# Data to process:
=== Begin Enclosure ===

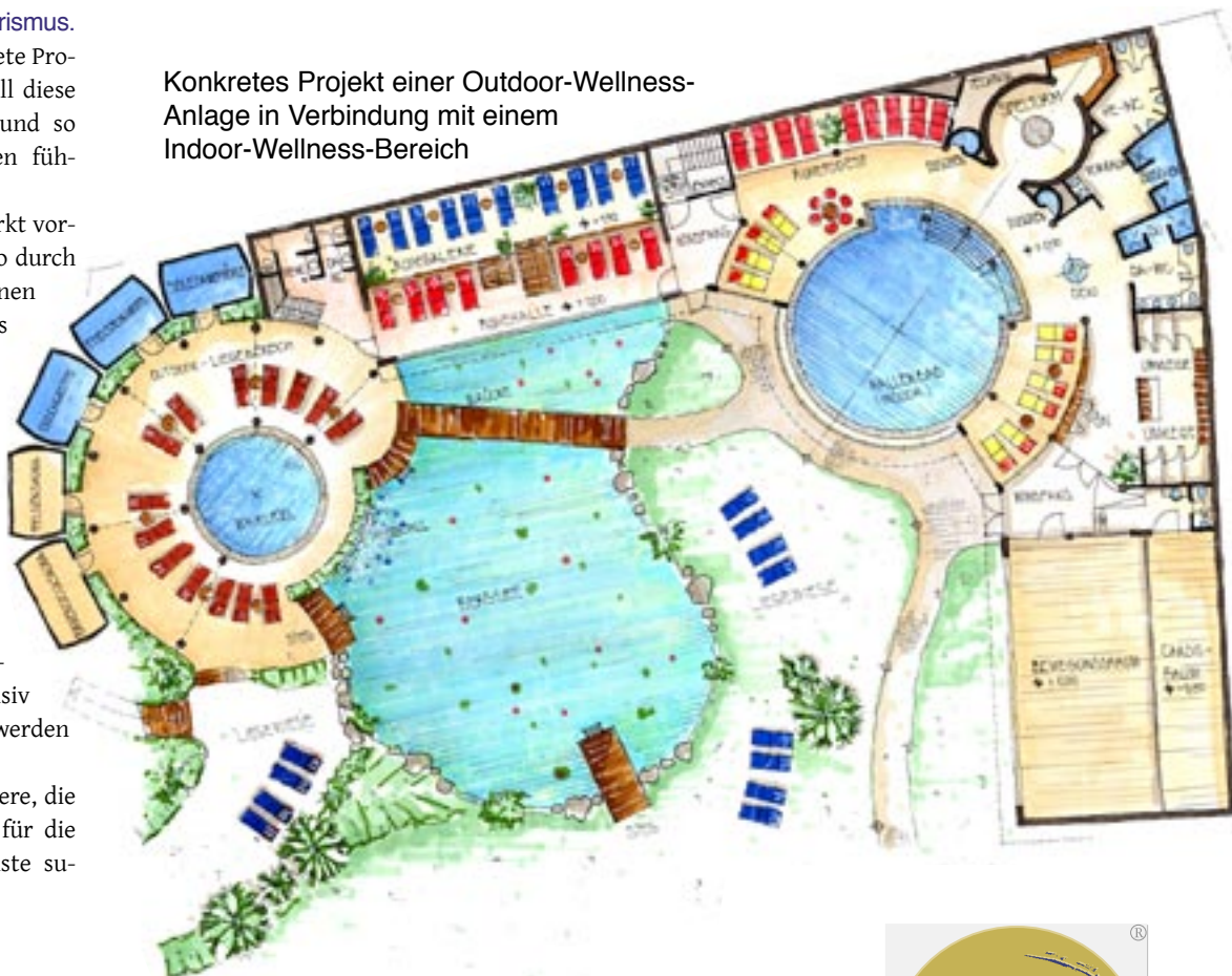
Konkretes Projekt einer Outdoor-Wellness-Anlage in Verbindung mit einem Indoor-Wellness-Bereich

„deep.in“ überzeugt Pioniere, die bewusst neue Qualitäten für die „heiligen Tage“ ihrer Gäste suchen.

=== End Enclosure ===
=== Begin Enclosure ===

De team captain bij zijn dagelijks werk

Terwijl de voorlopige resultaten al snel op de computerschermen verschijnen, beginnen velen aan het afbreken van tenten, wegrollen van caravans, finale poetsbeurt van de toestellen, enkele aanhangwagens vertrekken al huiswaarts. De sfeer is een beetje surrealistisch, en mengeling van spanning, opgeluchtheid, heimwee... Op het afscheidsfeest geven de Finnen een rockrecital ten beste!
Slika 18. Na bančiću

=== End Enclosure ===
=== Begin Enclosure ===

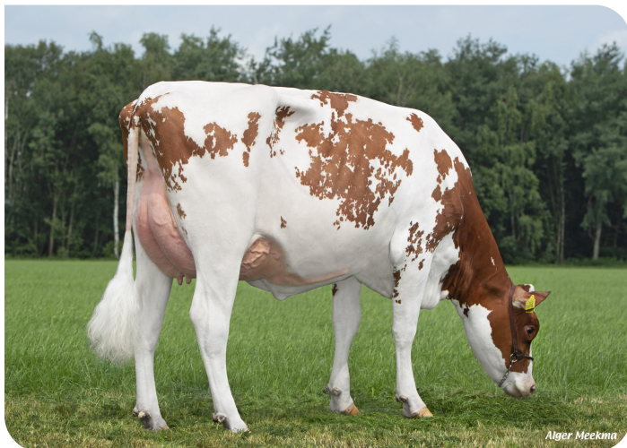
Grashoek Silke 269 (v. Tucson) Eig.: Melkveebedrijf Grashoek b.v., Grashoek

=== End Enclosure ===

# Exercise details:
Among the records above, a stretch begins at the line containing "Konkretes Projekt einer" and ends at the line containing "ihrer Gäste suchen.". Restate that stretch word for word, and nothing else.

# Written response:
Konkretes Projekt einer Outdoor-Wellness-Anlage in Verbindung mit einem Indoor-Wellness-Bereich

„deep.in“ überzeugt Pioniere, die bewusst neue Qualitäten für die „heiligen Tage“ ihrer Gäste suchen.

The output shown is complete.